David Hicks: Australian Taliban
You know what's sad? When you find out your son is a terrorist. First comes denial. After that, more denial. Then, you blame the US. After that, you look for meaning in your sons admission to being a terrorist by seeking out his Islamofascist friends. Then, you enter into some more denial. After that, you blame the US again. Finally, you get it right. Your son was just a misunderstood idealist fighting for his vision of the ideal world.Unfortunately for you, your son's vision of the ideal world is one where women are not allowed to go to school, Jews and Christians are second-class citizens, blasphemers are stoned or beheaded, and American civillians are the intentional targets of murder. I heard about this on NPR today. NPR Online:
Among the four suspects is 29-year-old David Hicks, an Australian who was captured by the Northern Alliance in Afghanistan in 2001. A convert to Islam, Hicks had gone to Pakistan to study the religion and ended up in Afghanistan, where he joined the Taliban. At the tribunal, Hicks pleaded not guilty to charges of attempted murder, conspiring to commit war crimes and aiding the enemy. His trial is set to start in January. Terry Hicks, David's father, traveled to Cuba for the tribunal and had an emotional reunion with his son, whom he had not seen in five years. When Hicks was first transferred from Afghanistan to Guantanamo, his father decided to retrace David's steps through Pakistan and Afghanistan to try to find out what had happened along the way. A camera crew accompanied him and produced The President Versus David Hicks, a documentary that examines Hicks' tangled journey. Terry Hicks speaks with NPR's Jennifer Ludden about the trip and what it taught him about his son. "He always tried to help out where he could," says Hicks, "in his own way, that was probably what he was doing."

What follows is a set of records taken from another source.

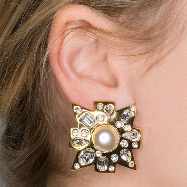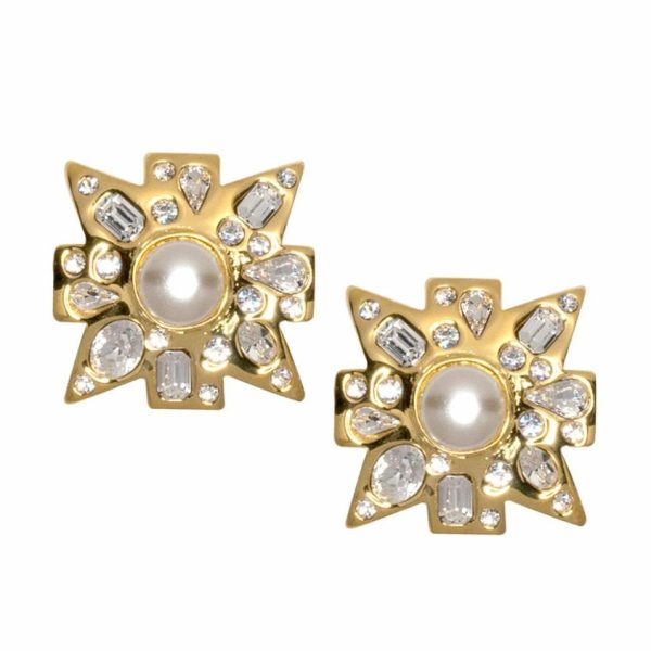 Product Description: Gold-plated, glass crystal encrusted clip-on earrings with a polished Maltese cross and a faux glass pearl center will add immediate elevation to your outfit.
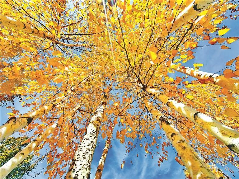 12日,哈爾濱市道里區(qū)麗江路附近的松花江畔,一小片白樺林吸引人們駐足觀(guān)賞、拍照。深秋的白樺樹(shù),樹(shù)干筆直高聳,樹(shù)皮潔白如紙。枝頭的葉子已經(jīng)由綠色變成了金黃色,在陽(yáng)光的照耀下,色彩濃重,景色迷人。本報(bào)記者 蘇強(qiáng)攝
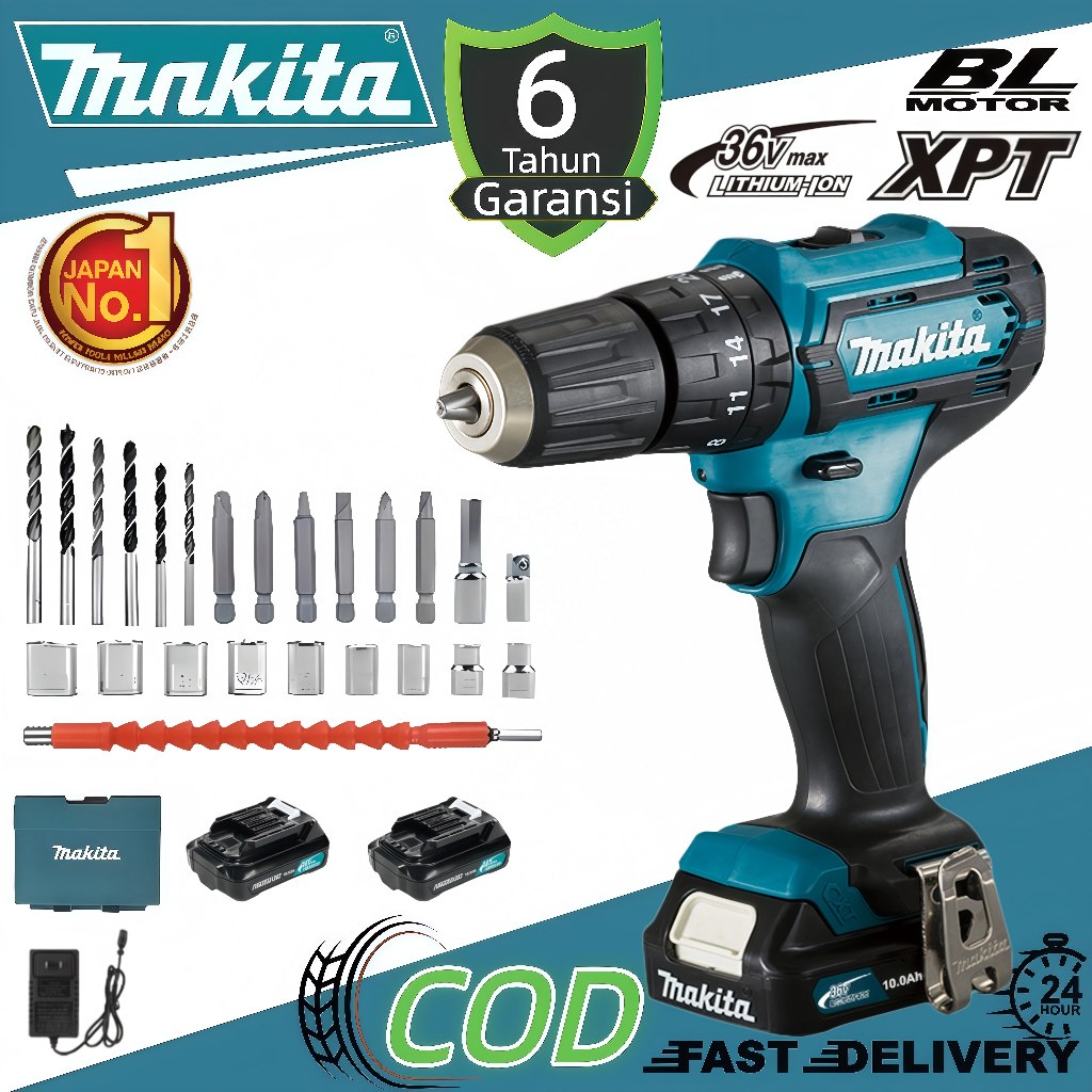 Makita6 tahun garansi}DF333D 36V Bor benturan tanpa kabel Bor dampak beton Obeng listrik fungsional Bor meninju aluminium
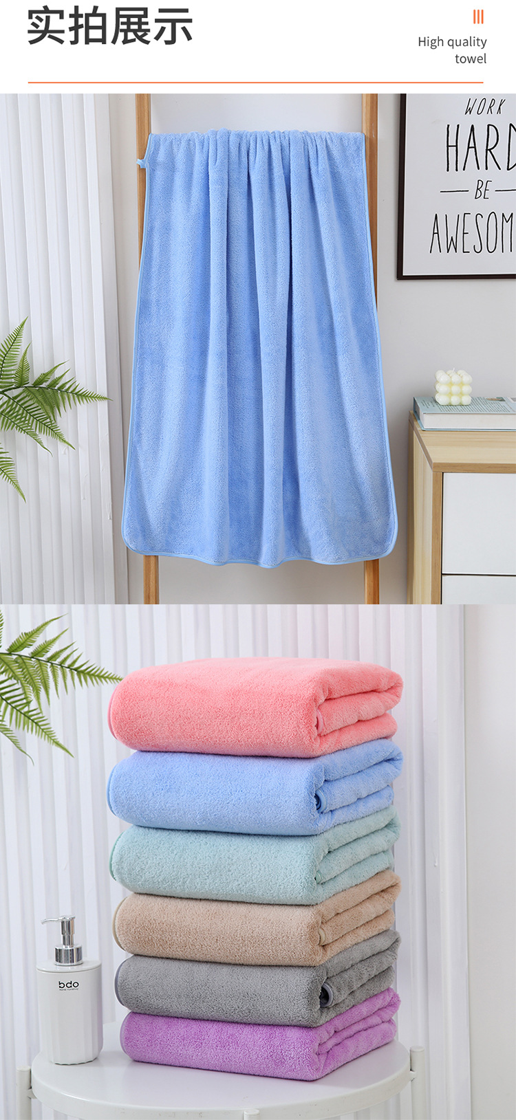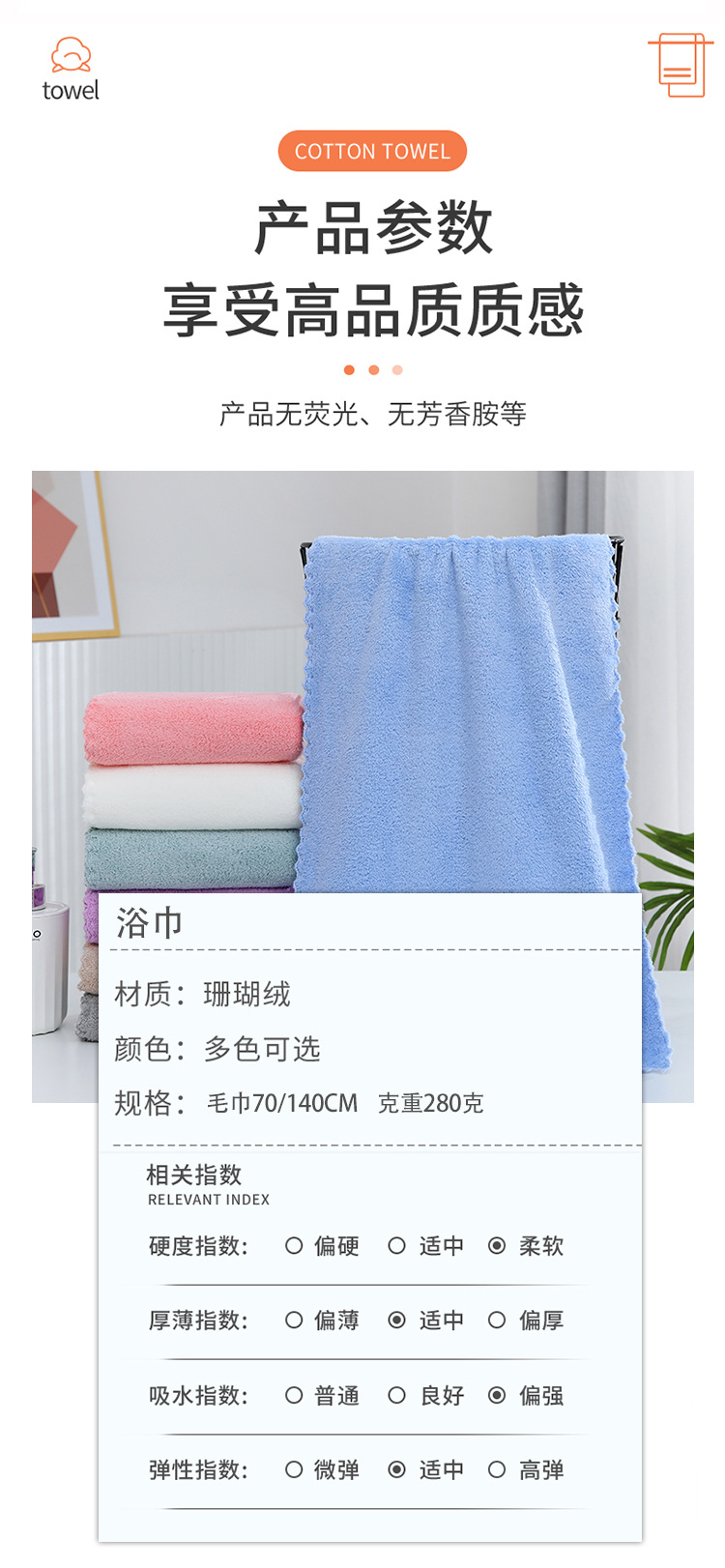 산호 벨벳 목욕 타월, 가정용 부드럽고 길고 흡수성이 뛰어나며 보푸라기가 없는 남성용 및 여성용 속건성 목욕 타월, 바디 타월, 해변 타월, 대외 무역

Posted by: Demosophist at August 28, 2004 08:22 PM
Posted by: bj at August 28, 2004 08:30 PM
Posted by: jeff at August 28, 2004 10:22 PM
Posted by: Walter E. Wallis at August 29, 2004 02:17 PM
Posted by: Simon at August 30, 2004 04:42 AM
Second, as long as we're criticizing the kid, we might as well at least understand what he did. He joined up with the Taliban, who contrary to media reports are not fundamentally terrorists. There is a distinction between the Taliban and al-Qaeda. Technically the Taliban are a group of fundamentalist religious scholars. They took over in Afghanistan during a power vacuum there, and bin Laden, who grew up in a fundamentalist household himself, decided they were pretty cool. Of course, it probably didn't hurt that bin Laden was forbidden to re-enter just about every other country where he'd once been welcome.
The Taliban themselves weren't too well-liked. The vast majority of the world wouldn't even talk to them. Being fundamentalist, they were terrible businessmen, so they had to rely on support from, shall we say, unconventional means. In this case:
1. Pakistan, who really didn't like them all that much but didn't feel like having a chaotic nation next door.
2. Opium. Nothing says "pure and moral" like making money off of the opium trade.
3. Bin Laden. He didn't actually give them all that much, but keep in mind they were REALLY, REALLY poor. He basically bought them Toyota pickup trucks and crude weapons.
Even after meeting bin Laden, the Taliban didn't really have it out for America. 95% of them probably couldn't have pinpointed America on a map. They were religious scholars. If it wasn't in the Koran, it wasn't important. So this kid, who obviously was drifting in life -- his wishy-washy dad probably didn't give him a rudder -- finally stumbled upon some certainty. Made a few friends. Found some meaning and purpose in his life.
I'm not a moral relativist, i.e. I don't excuse people for doing dumb things based on their history. However, I do think that before condemning them you might as well least know what their offense is.
Posted by: jlr at August 30, 2004 07:48 AM
Posted by: Aneesa at January 28, 2005 02:06 PM
Posted by: heretodaygonetomorrow at March 04, 2005 07:52 AM
Surely if there is enough evidence that he is guilty of some crime then he should have been before a court by now? If there isn't enough evidence then what the hell is he doing still sitting in a jail in Cuba?
Either he's done something that deserves indefinite imprisonment or her hasn't. It's time his 'crimes' were examined in a valid court.
This is *not* justice.
Posted by: Welsh Dog at May 19, 2005 07:16 PM
What he is getting is too soft.
Let him go on trial and get life for his fascism and murder.
How many Afghanis has he killed? Would this skinhead fascist like to confess?